Items from a dataset
○ ○ ○ ○ ○ ○ ○

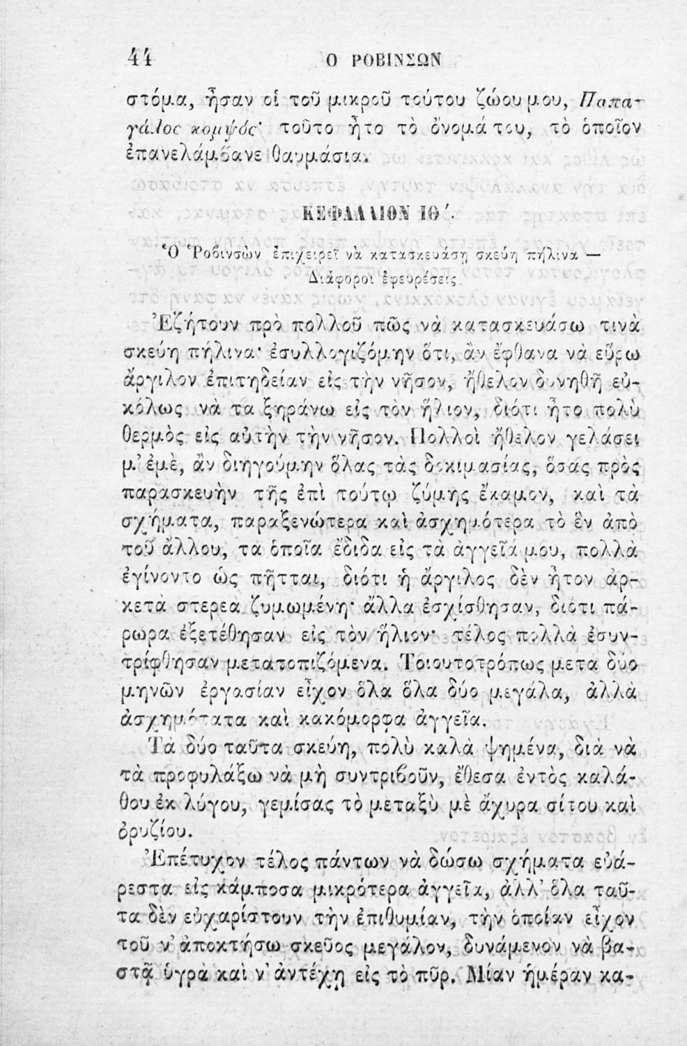 Τίτλος: Ο Ροβινσών εν τη νήσω του, μετά πολλών και ποικίλων εικόνων εκ της γαλλικής, προς χρήσιν των Δημοτικών σχολείων
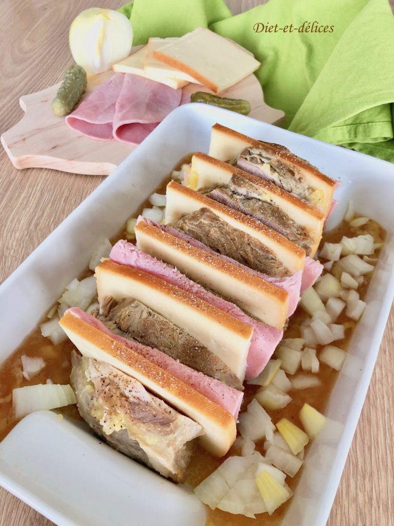 • Alterner une tranche de viande, une tranche de fromage à raclette fumé, une demie tranche de jambon. Continuer ainsi jusqu’à l’épuisement des ingrédients.
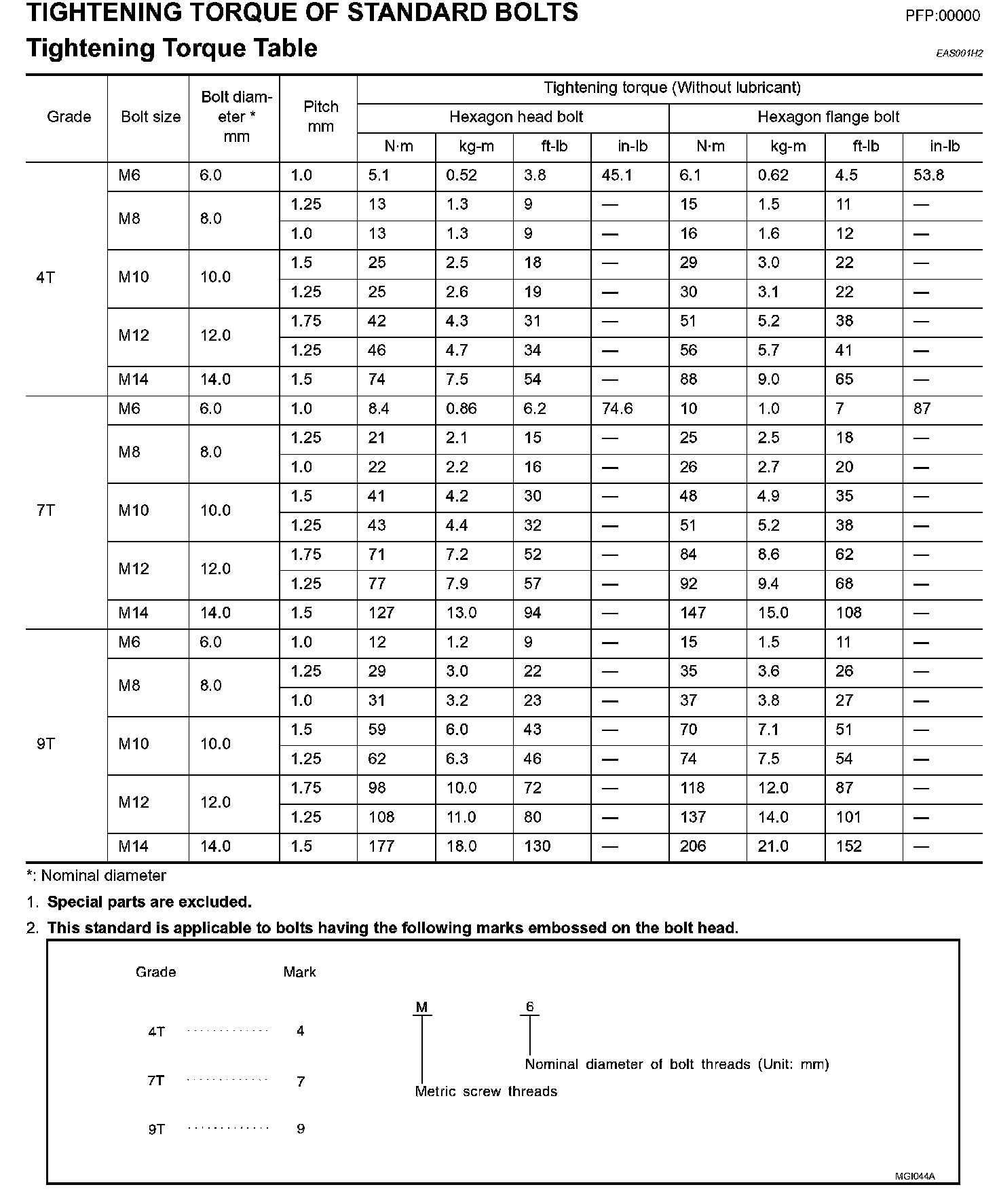 Tightening Torque Of Standard Bolts:
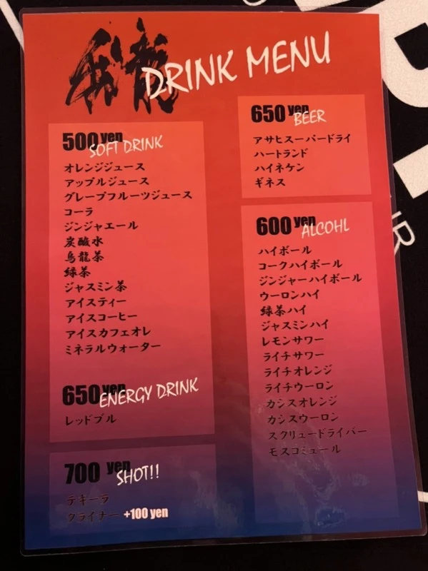 ドリンクメニューの料金は以下の通りです。なお、フードは無料で持ち込み可能です。またUber eatsなどの出前もとることが可能です。
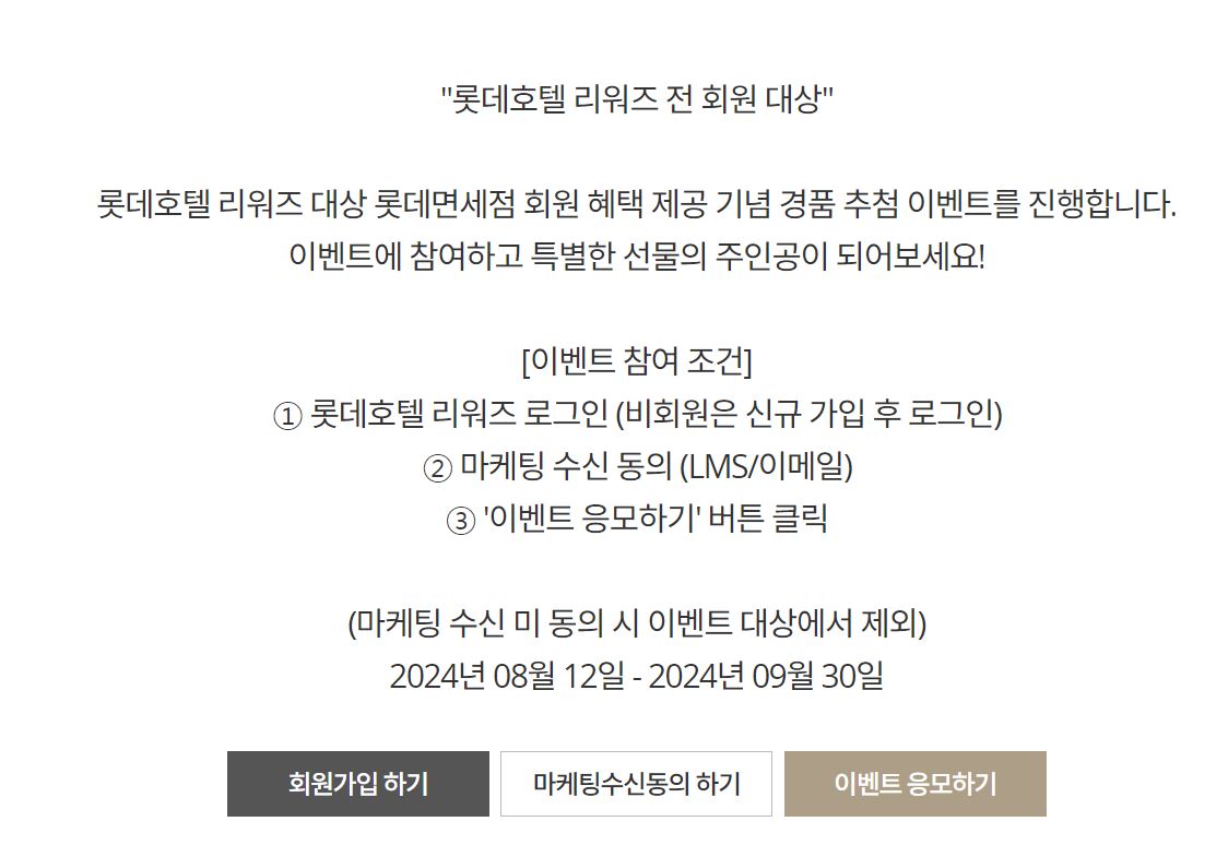 이벤트, 롯데호텔 리워즈 회원 대상 롯데면세점 제휴 경품 이벤트
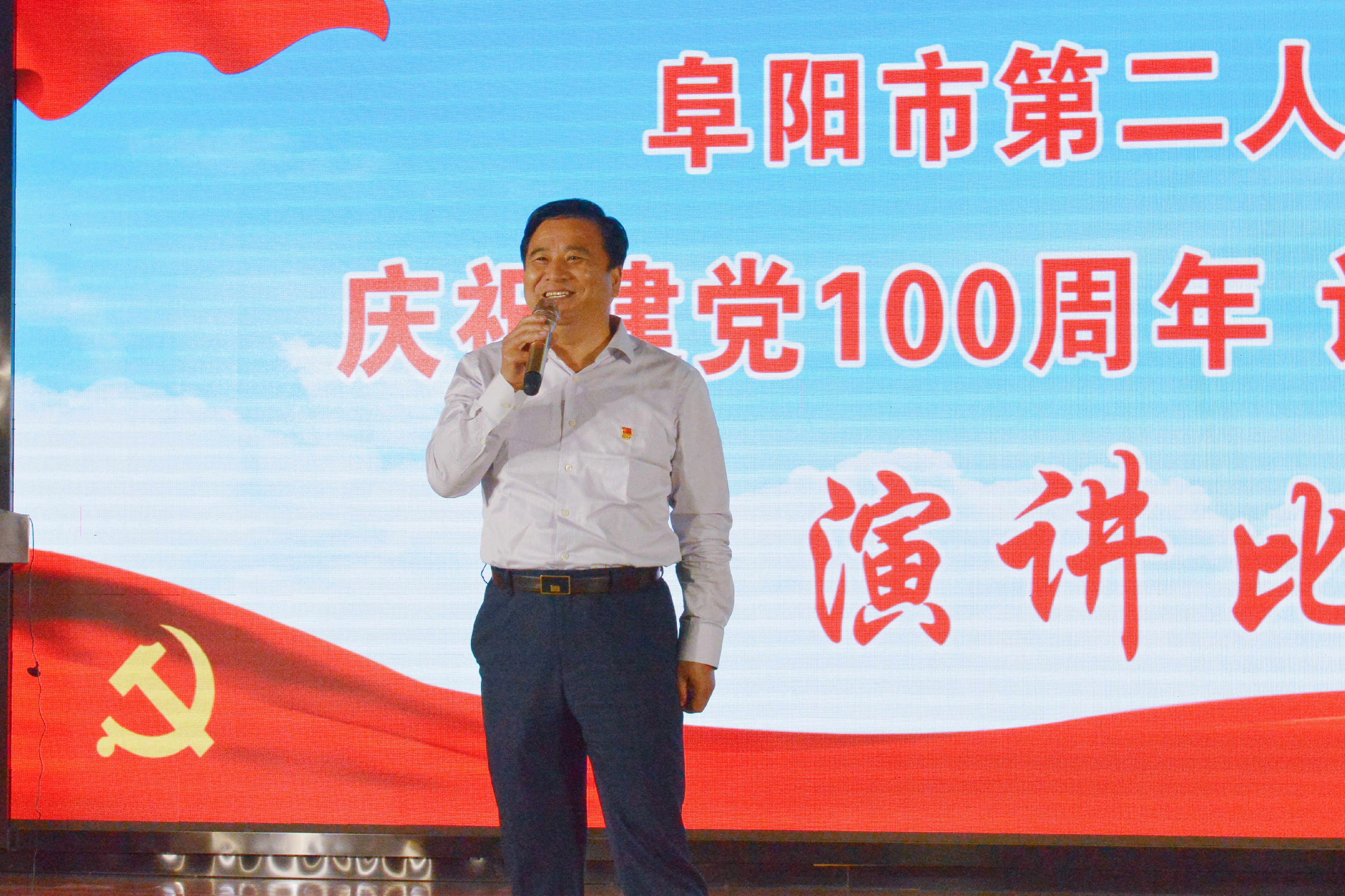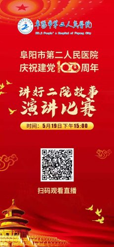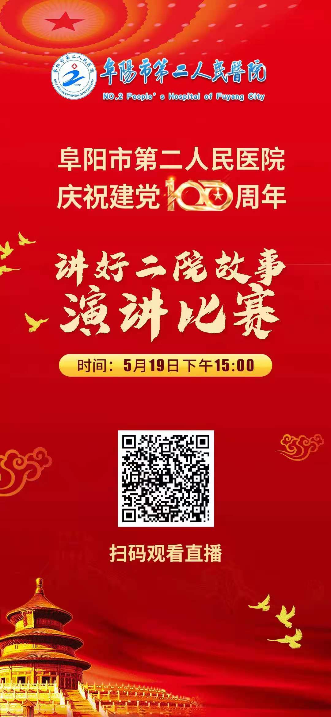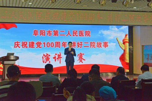 5月19日下午,阜阳市二院庆祝建党100周年,讲好二院故事演讲比赛成功举办。来自全院各有关科室和支部的10位选手登台演讲,他们以真事述感受、用真情表决心,展现了新时代医务工作者昂扬向上的精神风貌和奋发有为的精神状态。阜阳市直工委书记李涛,市社会科学联合会主席、市委宣传部副部长、市委讲师团团长燕少红,市卫健委党组成员、副主任孙芳,市医院党委副主记、纪委书记、工会主席刘国权,市三院党委委员、副院长韩笑笑,以及市二院党委书记丰效寺,党委副书记、院长韩明锋作为评委出席本次演讲比赛。医院各科室和支部观众代表近100人在现场观看了比赛,此次比赛还通过网络线上进行同步现场直播,吸引了线上6.53万人观赏。
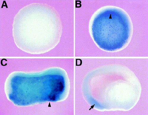 We report a novel zygotic gene encoding a Xenopus endodermal nuclear factor, Xenf. Expression of Xenf starts at the late blastula stages and is decreased after gastrulation. Xenf shows no structural homology to any known proteins. When GFP-tagged Xenf is overexpressed in Xenopus cells, Xenf protein is localized to the nucleus, associating closely with the chromosomes. In animal cap assays, Xenf expression is strongly activated by mRNA injection of Vg1 and VegT, maternal vegetal genes that can induce endodermal differentiation. In contrast, Xenf is not induced by endoderm-inducing zygotic transcription factors such as Sox17 and Mix-related genes. In turn, Xenf does not activate expression of Sox17, Mixer or Milk. Thus, Xenf is regulated by maternal vegetal positional information in a parallel manner to Sox17 and Mix-related gene pathways.
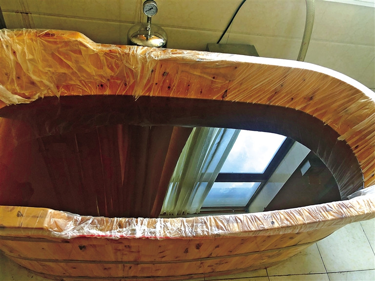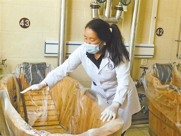 西藏自治區(qū)藏醫(yī)院藏醫(yī)藥浴中心工作人員正在更換一次性木桶套?! ?/p>
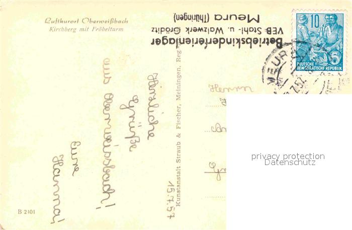 72641551 alte Postkarte Oberweissbach Kirchberg Froebelturm postalisch gelaufen Erhaltung siehe scans [NatalD47] KatCode: 11110016073065

○ ○ ○ ○ ○ ○ ○

_Task instructions_. Print the data above from its first line through the line that has "이벤트, 롯데호텔 리워즈 회원 대상 롯데면세점 제휴 경품 이벤트", exactly and with nothing else, omitting pictures.

_Exercise answer_.
 Τίτλος: Ο Ροβινσών εν τη νήσω του, μετά πολλών και ποικίλων εικόνων εκ της γαλλικής, προς χρήσιν των Δημοτικών σχολείων
 • Alterner une tranche de viande, une tranche de fromage à raclette fumé, une demie tranche de jambon. Continuer ainsi jusqu’à l’épuisement des ingrédients.
 Tightening Torque Of Standard Bolts:
 ドリンクメニューの料金は以下の通りです。なお、フードは無料で持ち込み可能です。またUber eatsなどの出前もとることが可能です。
 이벤트, 롯데호텔 리워즈 회원 대상 롯데면세점 제휴 경품 이벤트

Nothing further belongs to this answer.